_Instructions to follow_.
Omit all pictures, then retype the data exactly as given.

_Available data_.
━━━━━━━━━━━━━━━━━━━━━━━━━━━━━━

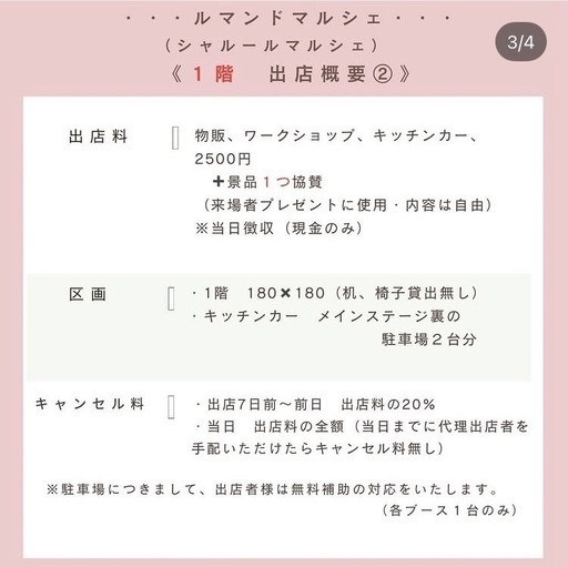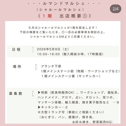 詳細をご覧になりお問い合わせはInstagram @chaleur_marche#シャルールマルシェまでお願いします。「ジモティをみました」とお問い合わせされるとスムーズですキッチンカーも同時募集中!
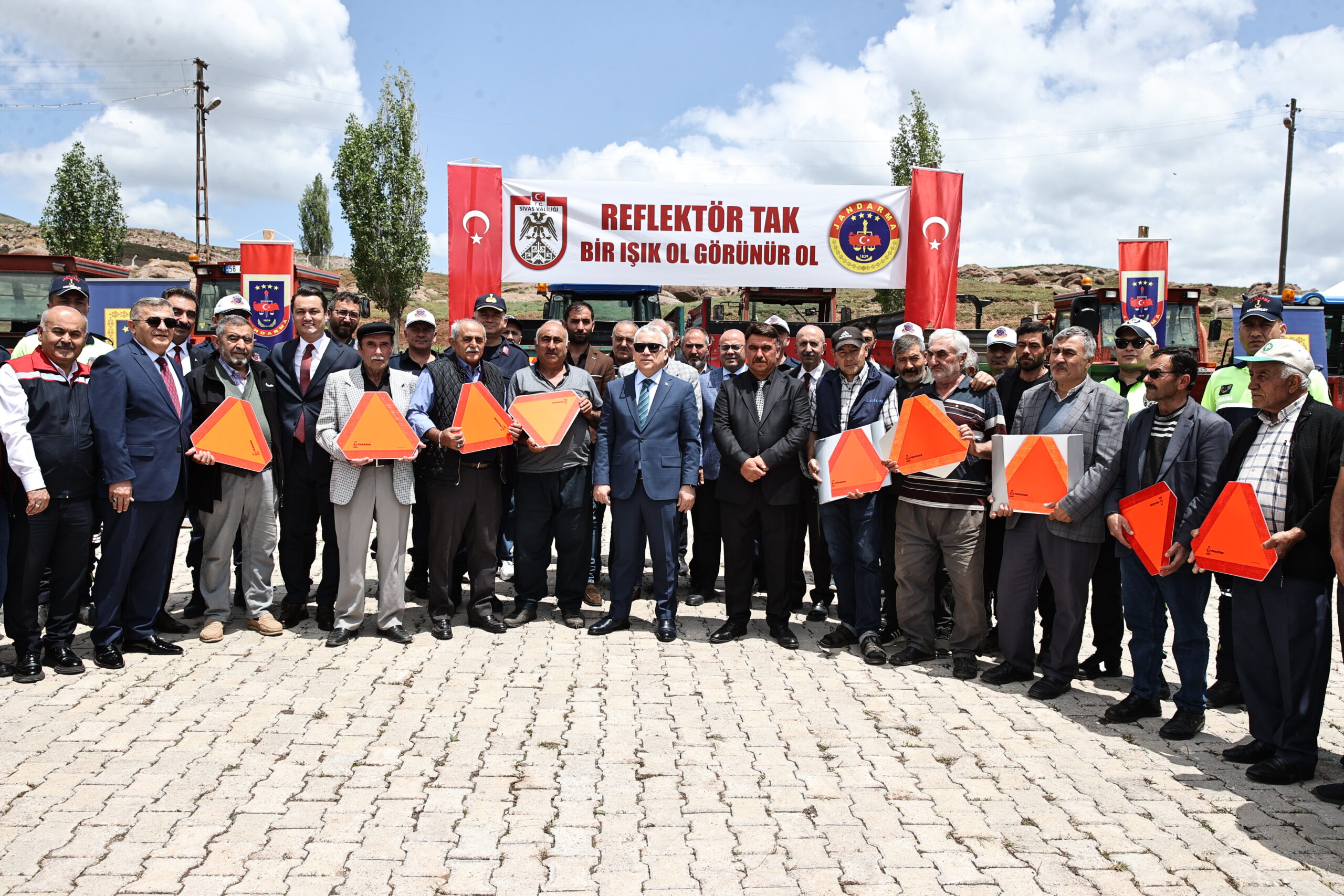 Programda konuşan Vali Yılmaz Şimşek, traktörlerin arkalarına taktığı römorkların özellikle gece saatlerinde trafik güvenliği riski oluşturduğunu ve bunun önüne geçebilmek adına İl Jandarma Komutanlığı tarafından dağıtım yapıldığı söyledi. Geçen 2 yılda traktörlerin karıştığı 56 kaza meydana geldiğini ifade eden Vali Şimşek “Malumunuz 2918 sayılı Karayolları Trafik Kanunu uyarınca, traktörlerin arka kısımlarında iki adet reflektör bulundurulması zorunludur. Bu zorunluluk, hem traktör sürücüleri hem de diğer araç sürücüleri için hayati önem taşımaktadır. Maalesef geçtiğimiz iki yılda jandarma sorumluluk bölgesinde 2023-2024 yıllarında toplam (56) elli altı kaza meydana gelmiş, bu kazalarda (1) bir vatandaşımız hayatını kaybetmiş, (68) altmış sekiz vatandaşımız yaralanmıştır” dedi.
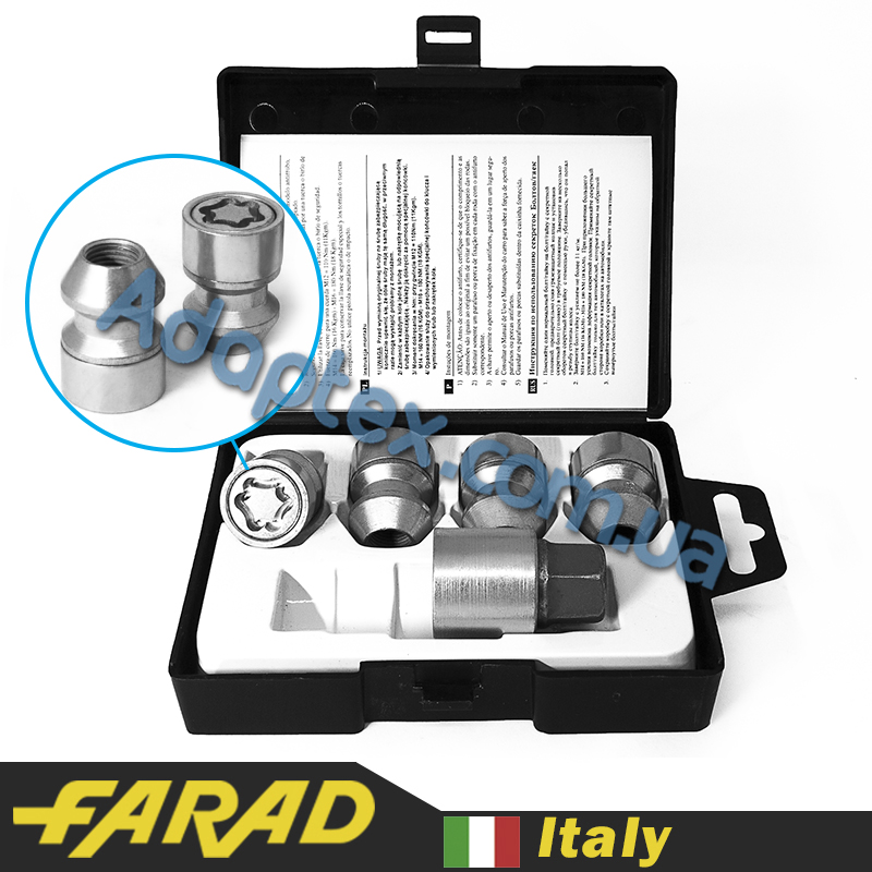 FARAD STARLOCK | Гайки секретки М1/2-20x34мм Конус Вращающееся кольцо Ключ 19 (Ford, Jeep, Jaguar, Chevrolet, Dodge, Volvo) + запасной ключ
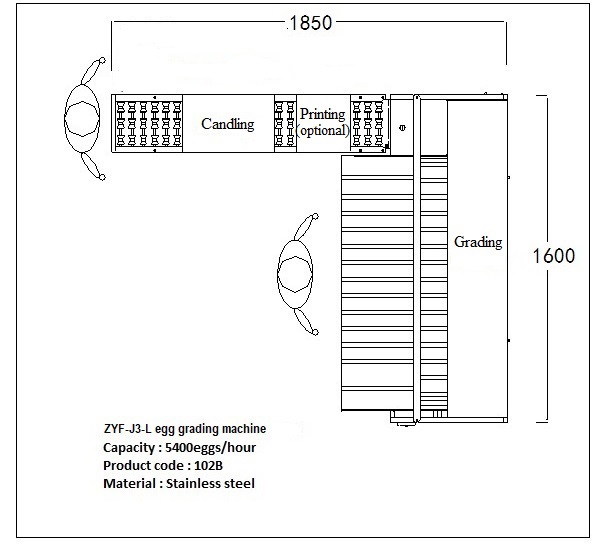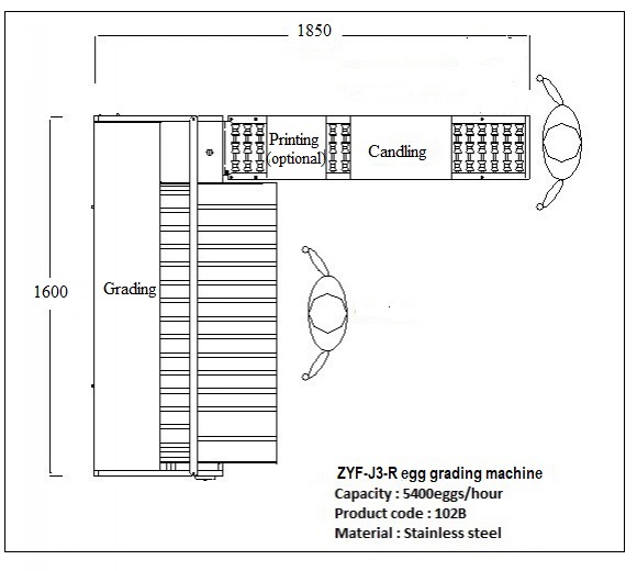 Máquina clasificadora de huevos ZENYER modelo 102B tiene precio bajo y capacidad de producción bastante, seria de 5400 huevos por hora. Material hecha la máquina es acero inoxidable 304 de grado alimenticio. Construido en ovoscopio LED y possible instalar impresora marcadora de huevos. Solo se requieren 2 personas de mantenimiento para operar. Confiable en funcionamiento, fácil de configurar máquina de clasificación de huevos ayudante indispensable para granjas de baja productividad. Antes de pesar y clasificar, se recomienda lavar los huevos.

━━━━━━━━━━━━━━━━━━━━━━━━━━━━━━

_Exercise response_.
 詳細をご覧になりお問い合わせはInstagram @chaleur_marche#シャルールマルシェまでお願いします。「ジモティをみました」とお問い合わせされるとスムーズですキッチンカーも同時募集中!
 Programda konuşan Vali Yılmaz Şimşek, traktörlerin arkalarına taktığı römorkların özellikle gece saatlerinde trafik güvenliği riski oluşturduğunu ve bunun önüne geçebilmek adına İl Jandarma Komutanlığı tarafından dağıtım yapıldığı söyledi. Geçen 2 yılda traktörlerin karıştığı 56 kaza meydana geldiğini ifade eden Vali Şimşek “Malumunuz 2918 sayılı Karayolları Trafik Kanunu uyarınca, traktörlerin arka kısımlarında iki adet reflektör bulundurulması zorunludur. Bu zorunluluk, hem traktör sürücüleri hem de diğer araç sürücüleri için hayati önem taşımaktadır. Maalesef geçtiğimiz iki yılda jandarma sorumluluk bölgesinde 2023-2024 yıllarında toplam (56) elli altı kaza meydana gelmiş, bu kazalarda (1) bir vatandaşımız hayatını kaybetmiş, (68) altmış sekiz vatandaşımız yaralanmıştır” dedi.
 FARAD STARLOCK | Гайки секретки М1/2-20x34мм Конус Вращающееся кольцо Ключ 19 (Ford, Jeep, Jaguar, Chevrolet, Dodge, Volvo) + запасной ключ
 Máquina clasificadora de huevos ZENYER modelo 102B tiene precio bajo y capacidad de producción bastante, seria de 5400 huevos por hora. Material hecha la máquina es acero inoxidable 304 de grado alimenticio. Construido en ovoscopio LED y possible instalar impresora marcadora de huevos. Solo se requieren 2 personas de mantenimiento para operar. Confiable en funcionamiento, fácil de configurar máquina de clasificación de huevos ayudante indispensable para granjas de baja productividad. Antes de pesar y clasificar, se recomienda lavar los huevos.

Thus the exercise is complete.